When you put it all together, the challenges of a platform-native AI become pretty clear: your company’s knowledge gets stuck in silos, the setup can get complicated, and the automation often isn't as flexible as modern teams require.

This is why eesel AI was created, to offer a more powerful and adaptable alternative that works with the tools you already have, including JSM. It's meant to be an intelligence layer that sits on top of your existing tech stack, not a replacement that forces you into a big migration project.

With eesel AI, you can:

  • Connect all your knowledge: Link JSM with Confluence, Google Docs, Slack conversations, and even past tickets from any help desk to give your AI a single source of truth.

  • Get up and running in minutes: The platform is truly self-serve. Thanks to one-click integrations, you can start seeing results on the first day instead of waiting months for a complex implementation to finish.

  • Test everything with confidence: Use the simulation mode to see exactly how the AI would have handled thousands of your past alerts and tickets. This lets you fine-tune its behavior and get an accurate idea of its performance before you ever activate it for your team.

The eesel AI simulation dashboard shows how the AI would have handled past incidents, allowing teams to test and build confidence before activation.::
The eesel AI simulation dashboard shows how the AI would have handled past incidents, allowing teams to test and build confidence before activation.

Streamlining incident response with Atlassian Intelligence

Atlassian Intelligence offers a solid entry point for teams that are deeply committed to the Atlassian ecosystem and want to explore automated incident creation. It can definitely help cut down on noise and speed up some manual steps.

However, for most modern IT and support teams who use a mix of different tools, its walled-garden approach creates some serious constraints. The future of effective incident management isn't about locking your team into a single vendor's ecosystem; it's about connecting knowledge and workflows across all the systems you already know and love.

Get started with effortless ITSM automation

Ready to connect all your knowledge sources and build an incident response workflow that’s actually intelligent?

Try eesel AI for free and see how you can automate ITSM tasks across your entire tool stack in just a few minutes.

Frequently asked questions

Atlassian Intelligence Create Incidents from Alerts analyzes incoming alerts from monitoring tools to spot patterns and help escalate actual problems into formal incidents. It aims to reduce manual work and speed up the initial detection and triage phase of incident management, addressing alert fatigue and slow manual processes.

It assists by automatically grouping similar alerts, summarizing the situation, and then pre-populating a new incident form with a suggested title, description, and priority level when an engineer decides to create an incident. This acts as a copilot, making the incident creation process faster.

While it offers AI-assisted incident creation that requires human review, full hands-off automation is possible through configuring "if this, then that" Automation for Jira or Incident Rules. These rules must be set up by an administrator to define specific conditions for automatic incident creation.

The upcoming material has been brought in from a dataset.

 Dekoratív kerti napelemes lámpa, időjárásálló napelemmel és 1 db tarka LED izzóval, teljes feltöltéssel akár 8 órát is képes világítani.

A primary limitation is its confinement to the Atlassian ecosystem, meaning it cannot access or utilize knowledge from external tools like Google Docs, Notion, or Zendesk. Additionally, achieving full automation requires complex setup and maintenance of custom rules, and it offers limited flexibility for custom actions involving external systems.

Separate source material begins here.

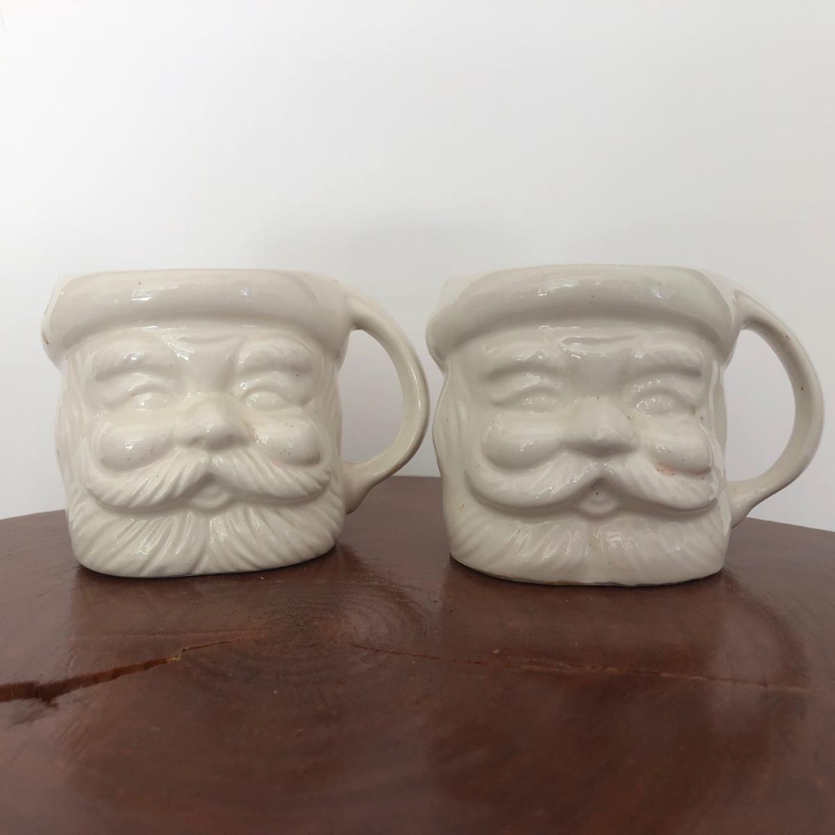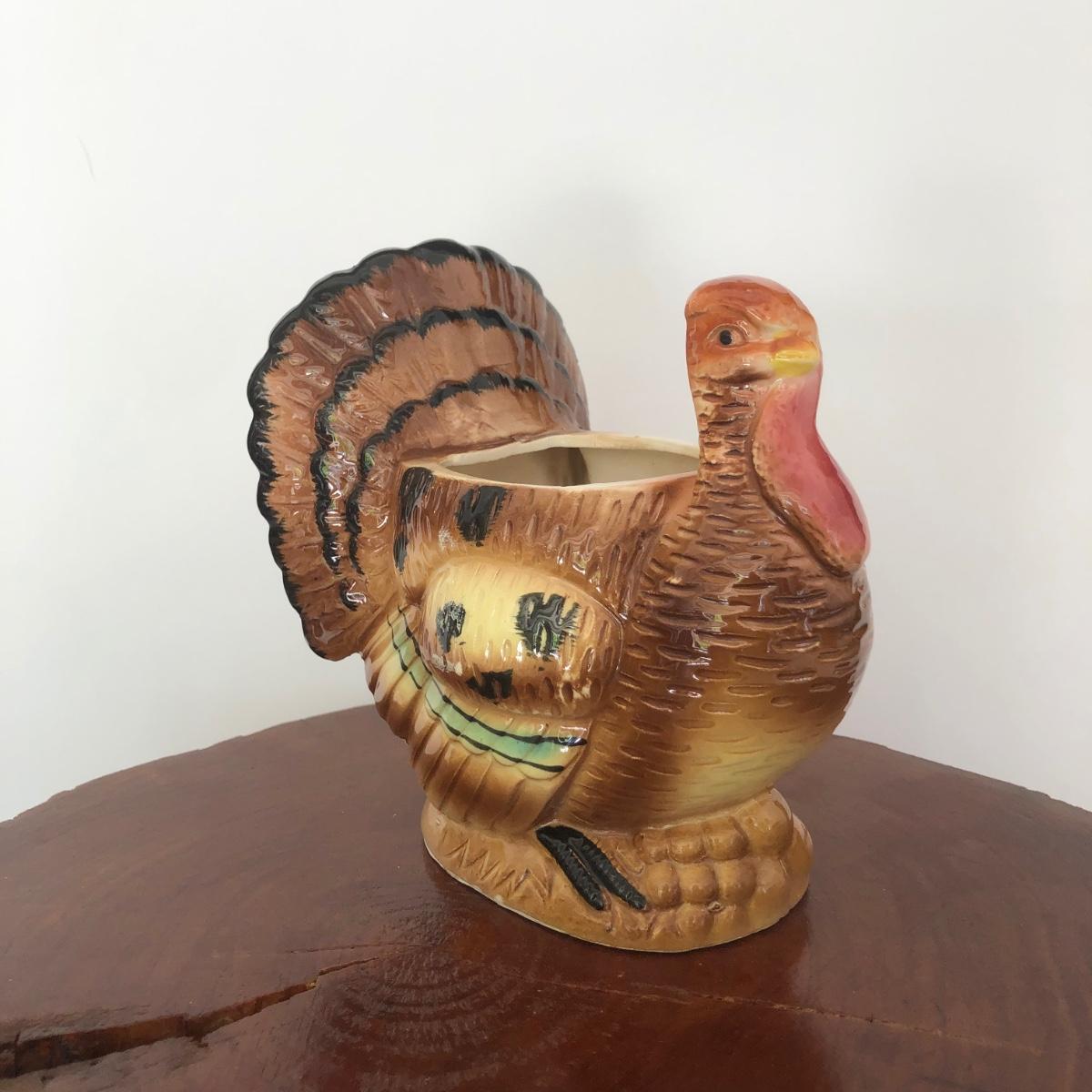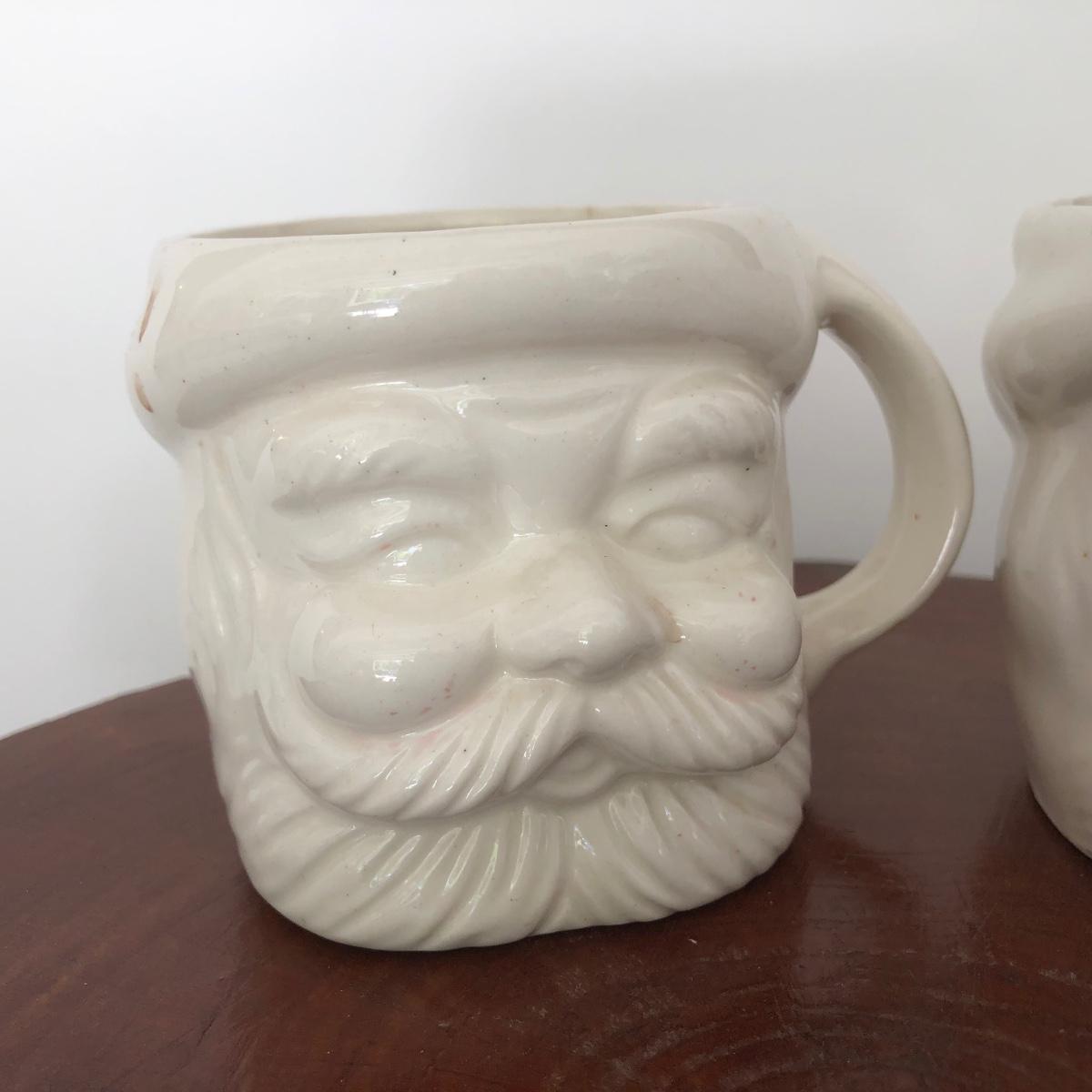 LOT 208G: Holiday Collection - Santa Head Mugs made in Japan, Turkey Planter, Enesco Bunny & 3 Wood Slice Varnished Display Stands

The features for Atlassian Intelligence Create Incidents from Alerts, including AI-powered alert grouping and AI-assisted incident creation, are included in the Premium and Enterprise plans for Jira Service Management. They are not available in the Free or Standard tiers.

It has no visibility into external knowledge sources outside the Atlassian ecosystem. This means it cannot use information stored in tools like Google Docs, Notion, or other help desks to create more detailed or context-rich incidents.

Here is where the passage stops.